Fonte: Ministério da Saúde

Quando alguém atenta contra a própria vida, é porque já está no estado mais avançado de risco e precisa de acompanhamento profissional. Outros estágios menos graves também necessitam de tratamento. Antes disso, é fundamental o apoio de pessoas próximas, como família e amigos. Entre as orientações, não julgar ou demonizar os sentimentos de quem pensa em tirar a própria vida é muito importante, assim como falar abertamente sobre assunto e não menosprezar a pessoa.

“A família e as pessoas próximas precisam entender os sinais, pois essas pessoas vão dando sinais, geralmente apresentam algum outro tipo de transtorno”, alerta Thaisa. Um desses transtornos é a depressão. Contudo, é um equívoco atribuir o comportamento suicida a apenas uma causa. “O suicídio é uma forma de projetar na morte uma solução, a última solução para acabar com a dor”, explica a psicóloga.

E o número de pessoas que buscam soluções através do suicídio vem crescendo no Brasil. Segundo o mais recente boletim epidemiológico do Ministério da Saúde, são mais de 11 mil suicídios por ano. Mais de 800 mil tiram a própria vida ao redor do mundo, de acordo com a Organização Mundial da Saúde. O equivalente a um caso de suicídio a cada 45 segundos.

Movimentos como o Setembro Amarelo buscam frear o avanço dos casos de suicídio e vencer o preconceito que envolve o tema. “Falar de morte na nossa sociedade já é muito difícil. Suicídio é tabu em dobro”, comenta Thaisa. Mas a ideia é incentivar o tratamento para quem precisa. Em Mogi Mirim, recomenda-se procurar a Unidade Básica de Saúde (UBS) mais próxima para o acompanhamento com um profissional.

EVENTOS
Mariana, Thaisa e Roseli, juntamente com o também psicólogo Hugo Almeida, formam o grupo Tabus, que se formou na cidade no ano passado e tem como proposta jogar luz sobre temas pouco debatidos na sociedade.
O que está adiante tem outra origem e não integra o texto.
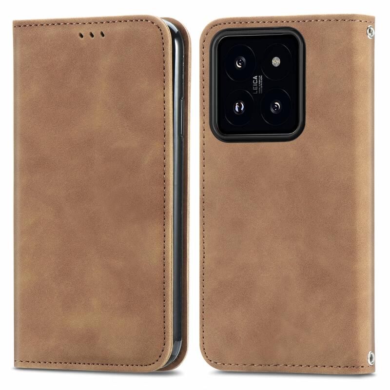 Θήκη τηλεφώνου δερμάτινη με μαγνητικό κλείσιμο και αίσθηση retro για Xiaomi 14 Pro (Μαύρο)

Foi assim quando decidiram fazer um documentário sobre suicídio, no primeiro semestre do ano.

E a partir do Setembro Amarelo, o grupo promoverá a Caminhada de Prevenção ao Suicídio, no próximo dia 30, a partir das 8h30, no Teatro de Arena. “Há um sentido simbólico, do caminhar junto, além de ser um espaço de lazer e socialização”, explicou Thaisa. Outro ponto importante é que os exercícios físicos aumentam as substâncias do prazer - a seratonina, a dopamina e a noradrenalina -, que ficam em níveis baixos em pessoas deprimidas.

No dia 26, das 9h ao meio-dia, a Prefeitura de Mogi Mirim realiza o evento “Suicídio: Prevenção e Posvenção”, voltado para profissionais da Saúde, da Educação, da Assistência Social e do Judiciário. As inscrições se darão pela internet até quarta-feira, 19. Mais informações pelo número 3806-3765 ou 3804-1352.

PREVENÇÃO
O suicídio acomete pessoas de todas as idades e classes sociais. O Centro de Valorização da Vida (CVV) dá apoio emocional e preventivo ao suicídio. Se você está em busca de ajuda, ligue para 188 (número gratuito) ou acesse www.cvv.org.br.